This is Faith in Play #85: Codes, for December 2024.
In any village, any city, any region, any world, characters are constrained. They are, of course, constrained by the local law. I have written extensively about that elsewhere, particularly in The Source of Law, The Course of Law, and The Force of Law. That, though, is an external constraint. I’m here interested in what might be termed an internal constraint, the personal codes by which character actions are limited. Some are religious, but some are not, and they are often just as constricting.
Obviously there is significant overlap, and much of that is due to what philosophers term the moral law, that seemingly instinctual notion of right and wrong which to one degree or another everyone in the world shares. But our codes go beyond don’t kill or steal or dishonor your parents, and some of the restrictions at times seem peculiar.
There are dietary limitations, of course. Muslims cannot eat pork or drink alcohol. Jews have complicated lists of what they can and cannot eat, barring most mammals that are not simple herbivores, all seafood that is not scaly fish, any non-mammalian land-based animal, and numerous birds. Some eastern religions bar eating any meat, fish, or poultry at all.
There are other restrictions in such codes as well, such as whom you can marry, and sometimes with whom you can associate.
Beyond that, there are professional codes, rules you are expected to follow if you are a craftsman or a tradesman or a shipper. There are codes of honor adopted by knights and noblemen, and these differ from country to country, order to order. Some of these are as ridiculous as what weapons you are permitted to use in battle, what products you are permitted to produce and sell and transport. In some cultures, even thieves and assassins have codes they are expected to follow. In modern times lawyers have codes of ethics, and can be punished, even disbarred, for violating them. Doctors similarly have rules they are expected to follow, and of course ministers, priests, and rabbis are all scrutinized despite the lack of unified oversight.

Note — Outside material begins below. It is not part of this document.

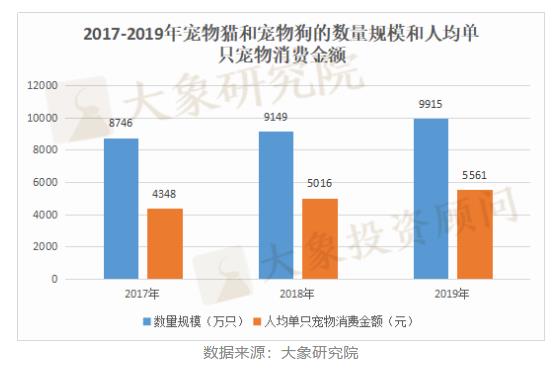在寵物消費(fèi)水平方面,2019年我國(guó)人均單只寵物的年消費(fèi)金額約為5,561元,相較于2018年的5,016元,增幅約為10.9%;
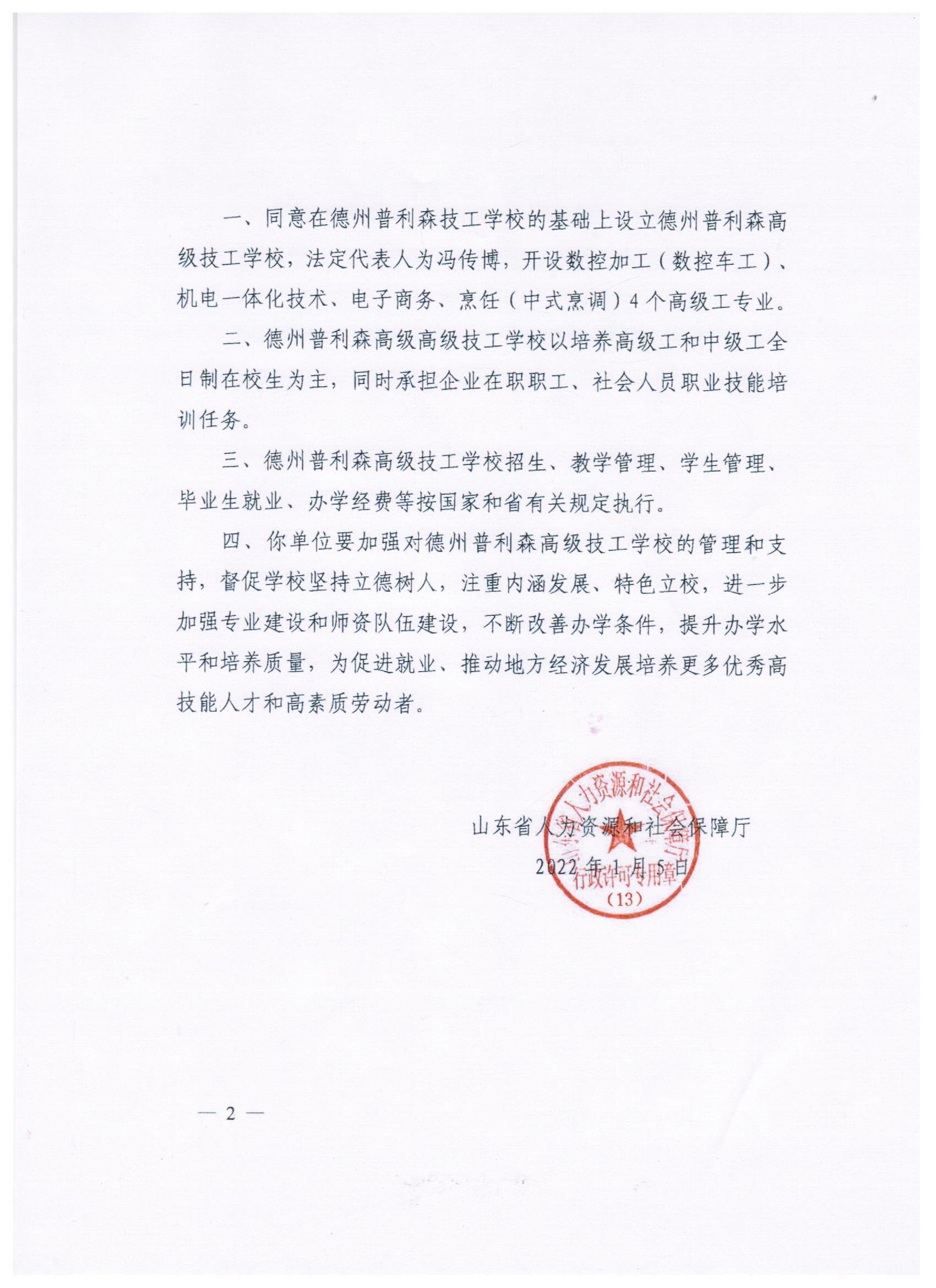 山東省人力資源和社會保障廳關于同意設立德州普利森高級技工學校的批復

These restrictions all have a degree of being dictated by someone else, but that’s not always the case. Individuals frequently devise their own rules regulating their own conduct, and often expect others to act similarly. A married soldier of my acquaintance had no qualms about sleeping with any girl he could seduce, with the limitation that you did not seduce the wife of a close friend. He was livid when his own wife slept with his best friend; that was a violation of his code.

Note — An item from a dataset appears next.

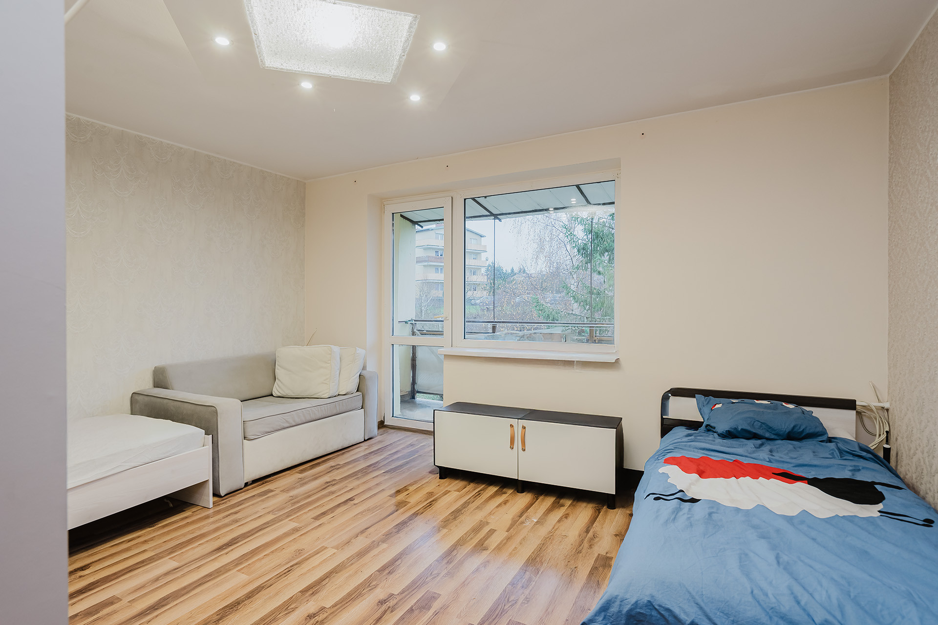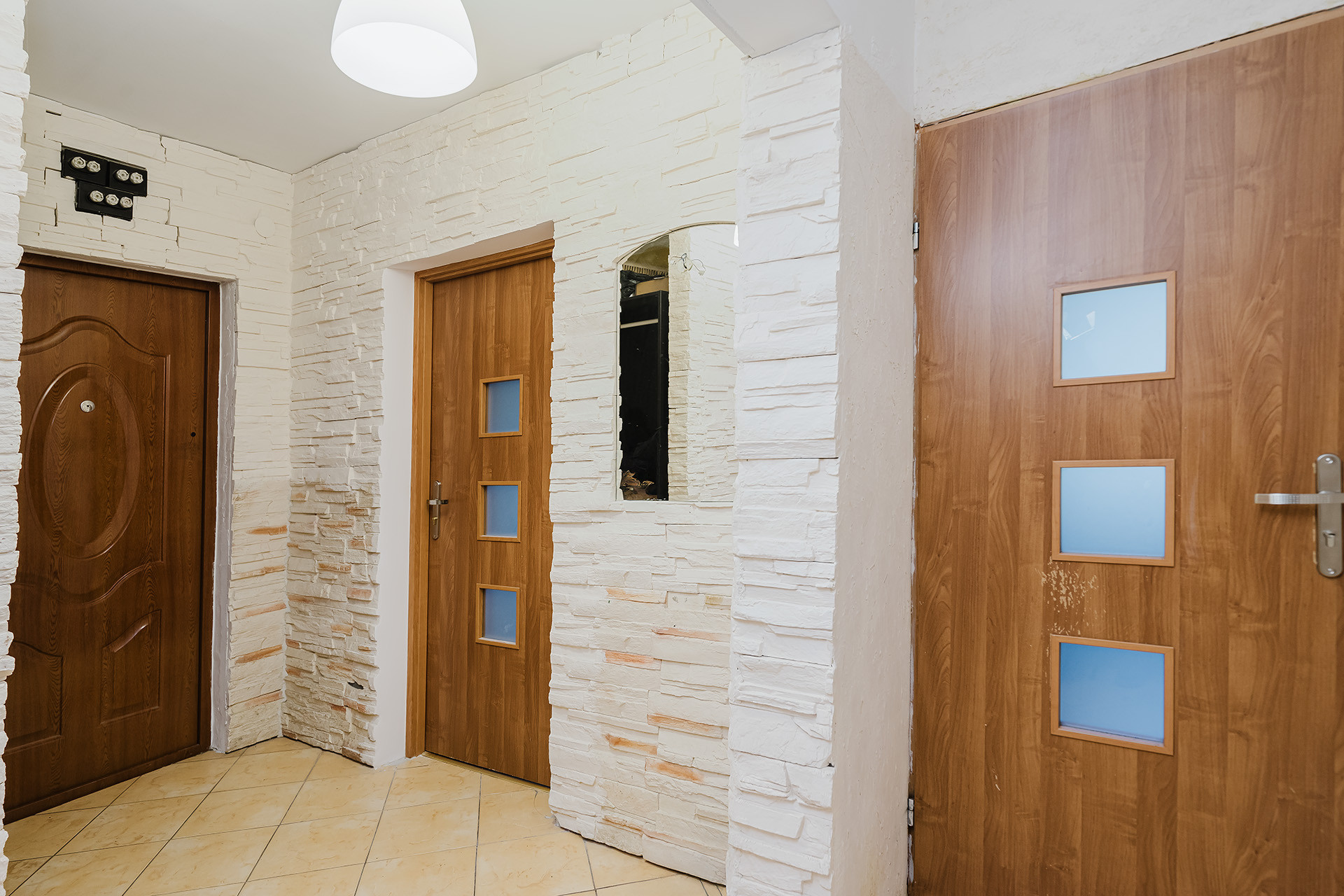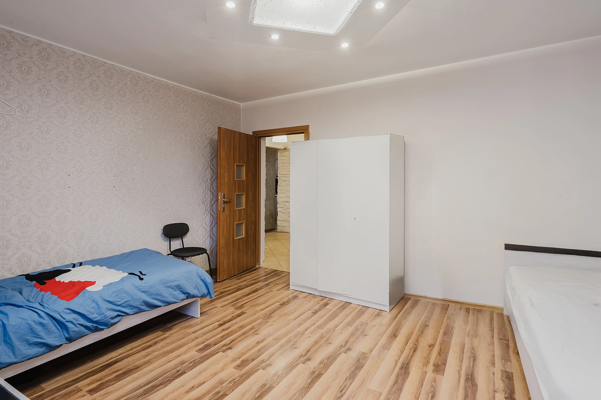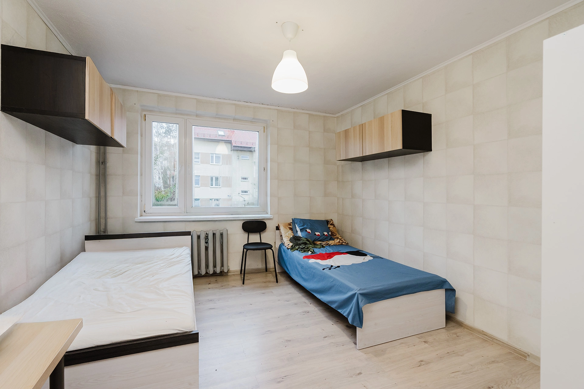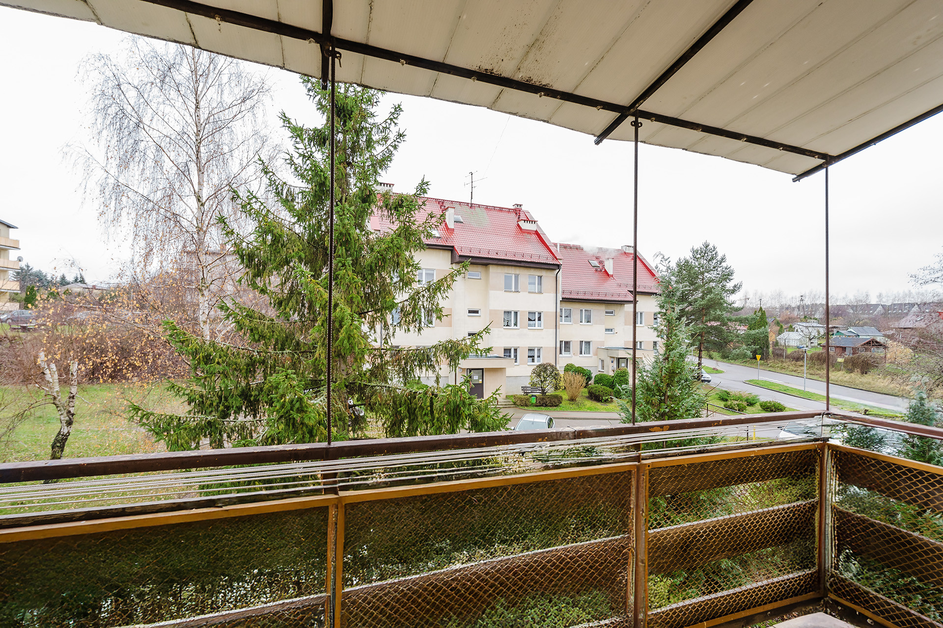 W skład lokalu wchodzą trzy pokoje (jeden z wyjściem na balkon), osobna kuchnia z oknem, łazienka z wc oraz przedpokój.

The personal codes of individual characters within the fictional world add significantly to the nature of play and the personalities of those characters. This applies to the myriad of non-player characters, from the barman who does not allow gambling in his establishment to the nobleman who expects anyone seeking audience with him to be appropriately attired to the stablehand who won’t take responsibility for a horse that has been mistreated. It also obviously applies to the player characters, who are going to have some of these restrictions dictated by their character design but others adopted as part of character development.
It brings the exploration of the moral and ethical into the shared imagined space, and in so doing opens questions about religion and faith.